What is your take on problems or obstacles?

 

Have you noticed how we always feel that ours are the biggest and the harshest of the lot? Whenever anything goes wrong we scream about life being unfair, especially on us. Or, simply that for some God-forsaken reason the grass just doesn’t grow green on our side of the divide. While it can be true, not denying that, it is not exclusive only to us.

 

Everyone has their own demons to fight.Or, their battles to win.

 

Trust me, just like us, there are others who don’t win every battle, every time. But do you know what the sad thing is? Sometimes people don’t even win the war.

 

But what am I getting at?

 

Since we all have our share of troubles you would think we would be sensitive to each other’s plights as well.
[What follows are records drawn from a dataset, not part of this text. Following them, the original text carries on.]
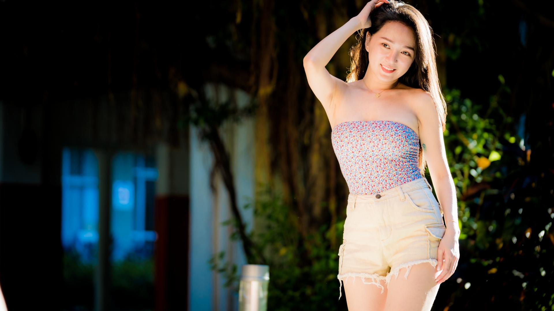 Обои Молодая азиатка в шортах в лучах солнца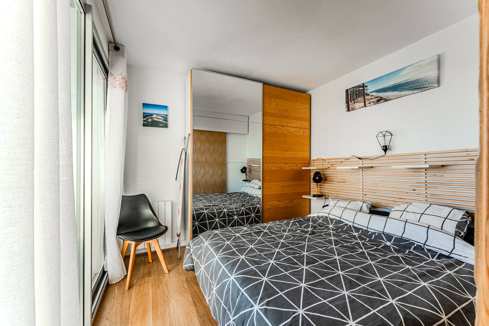 L’entrée distribue une salle d’eau avec lave-linge, des WC séparés ainsi qu’une agréable pièce de vie. La cuisine ouverte, fonctionnelle et entièrement équipée (plaques induction, lave-vaisselle, mini-four, micro-ondes, cafetière électrique Senseo), se prolonge par un coin repas et un salon chaleureux, doté d’un canapé convertible en couchage double (140). Cette pièce s’ouvre sur un 1er balcon exposé nord avec vue sur le port. Côté nuit, une 1ère chambre propose deux lits simples en 90 cm, tandis que la seconde accueille un grand lit double en 160 cm et bénéficie d’un accès direct au 2nd balcon orienté Est, offrant un panorama apaisant sur le bassin et les prés salés. Pour votre confort, l’appartement dispose d’une connexion Internet / WiFi, d’un mobilier de balcon avec transats ainsi que d’un barbecue électrique pour profiter pleinement de l’extérieur. Une place de stationnement privative complète l’ensemble. La résidence met également à disposition une belle piscine extérieure, ouverte du 01/06 au 30/09 de 9h30 à 21h, idéale pour des moments de détente et de fraîcheur après une journée à la plage ou une balade sur le port.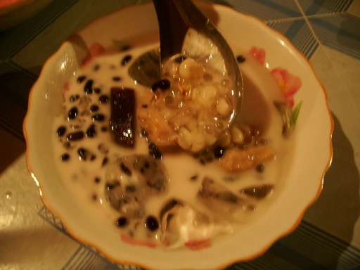 もちっとした黄色っぽい具、黒っぽい具、あともう一種類の具。 氷の上に3種を盛ってココナッツミルクをかけたもの。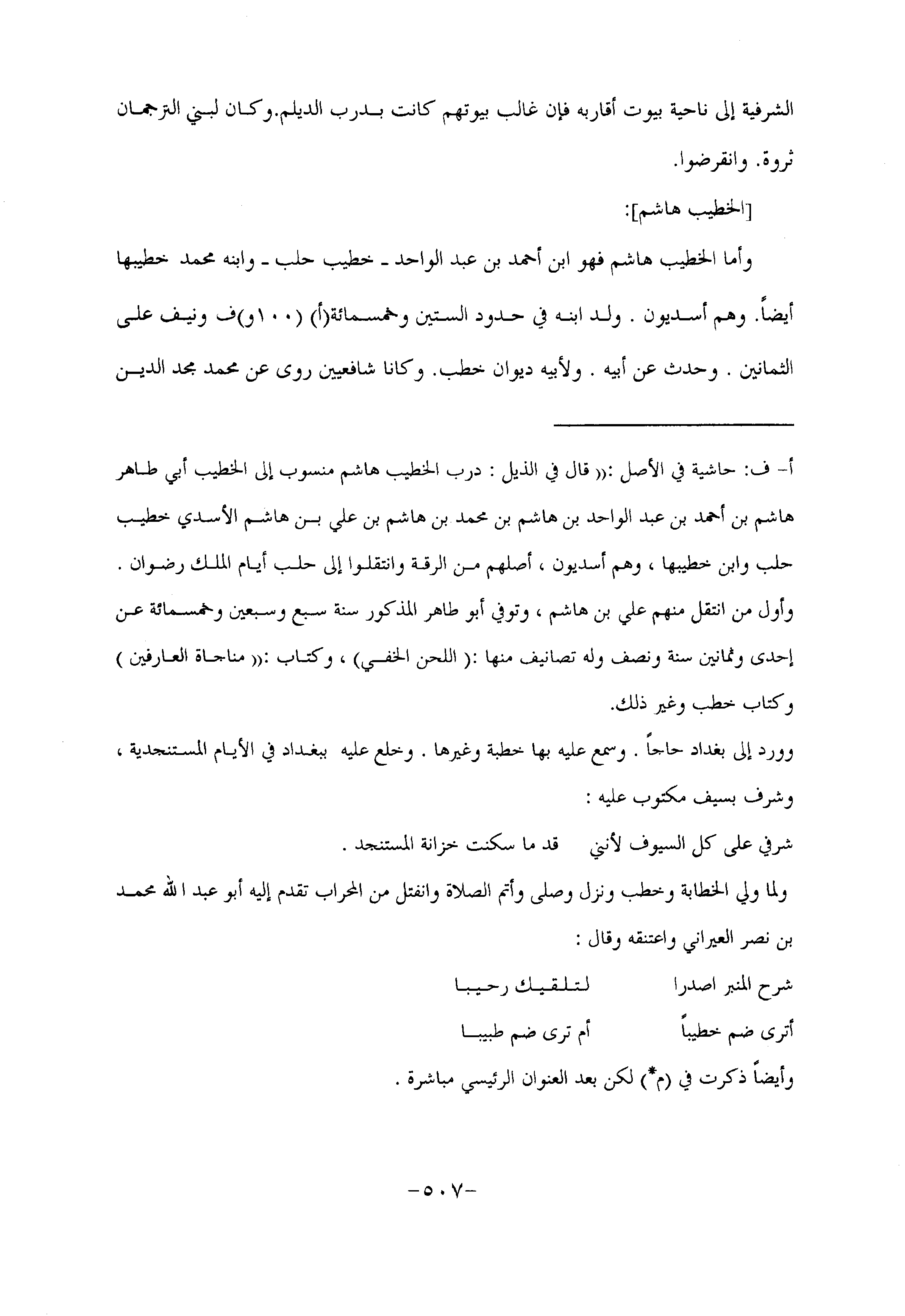 وأما الخطيب هاشم فهو ابن أحمد بن عبد الواحد- خطيب حلب- وابنه محمد خطيبها أيضا. وهم أسديون. ولد ابنه في حدود الستين وخمسمائة أ (100 و) ف ونيف على الثمانين. وحدث عن أبيه. ولأبيه ديوان خطب. وكانا شافعيين روى عن محمد مجد الدين

But the truth, sadly, is far from it.

 

There is a peculiar sadistic delight we seek in rubbing one’s worries on their faces.

 

While talking to a few friends of mine I realized how eager we are to intensify each other’s pain. Each of them had a story to share about that aunt or acquaintance who crossed the line into hurting them in the guise of concern.

 

Take the example of married women in India who do not yet have a child, are trying to have a child or choose not to have a child. Here’s what happens.

 

  • The woman, more than the man, is subjected to uncomfortable questions about her fertility.
  • She is made to feel that motherhood is everything there is to a woman’s life.
  • If the woman has any other health issues, she is constantly badgered about those accompanied by unsolicited advice on how to tackle that into having a baby.
  • If the couple decides to not have a child, the woman is made to feel awful about her decision.

 

I have just mentioned a few things here. Believe me, when I say this, there is more. It’s all true too because these are not derived from reading some news reports or a figment of my imagination. These are conclusions I have arrived at after having spoken to many of my friends and colleagues over the years. And being married for almost 5 years now, I have faced a fair bit of nonsense from these nosy buffoons as well.

 

10 Things You Shouldn't Ask A Woman. #Woman Click To Tweet

 

For some reason, we find it reasonable to hit where it hurts or pull someone down further. Sometimes we do it without even realizing it. Yes, that’s how normal (not) it is to do that here. We poke our nose in a business which is not really ours, time and again. Strange thing is, we don’t even care if that eventually hurts someone. We don’t care if our poking leaves a long-term impact on the psyche of someone.

 

I usually deal with unsought advise by making it clear in no uncertain terms that it is only my business and nobody else’s. If they can be shameless, what’s stopping me from being blunt? But not everyone is the same.

 

I don’t know why we as humans do that. Do you?

 

But I can tell you this that there are certain things we shouldn’t even dare ask someone, let alone a woman. We need to know our limits. We need to know where to draw the line.

 

So, maybe the women our there need to put up a list to thwart these nonsensical inquiries. A list saying which questions shouldn’t be asked of them ever. Maybe walk with copies of this list into a room full of these praying mantis types?

 

What do you say?

 

Here is a list that I can think of. You are welcome to add yours here.

  • Are you pregnant?
  • When are you having a baby?
  • Are you planning to have a baby?
  • What it’s been a year and still no baby?
  • Why don’t you get yourself checked since no good news yet?
  • Why don’t you want to have a baby?
  • When are you giving us the good news?
  • Are your cycles fairly regular?
  • You had a baby girl. Good. Now, when are you planning for the boy baby?
  • When are you planning for the second baby?

 

Seems I covered all variations for married women, well, almost. Why don’t you add on to the list too?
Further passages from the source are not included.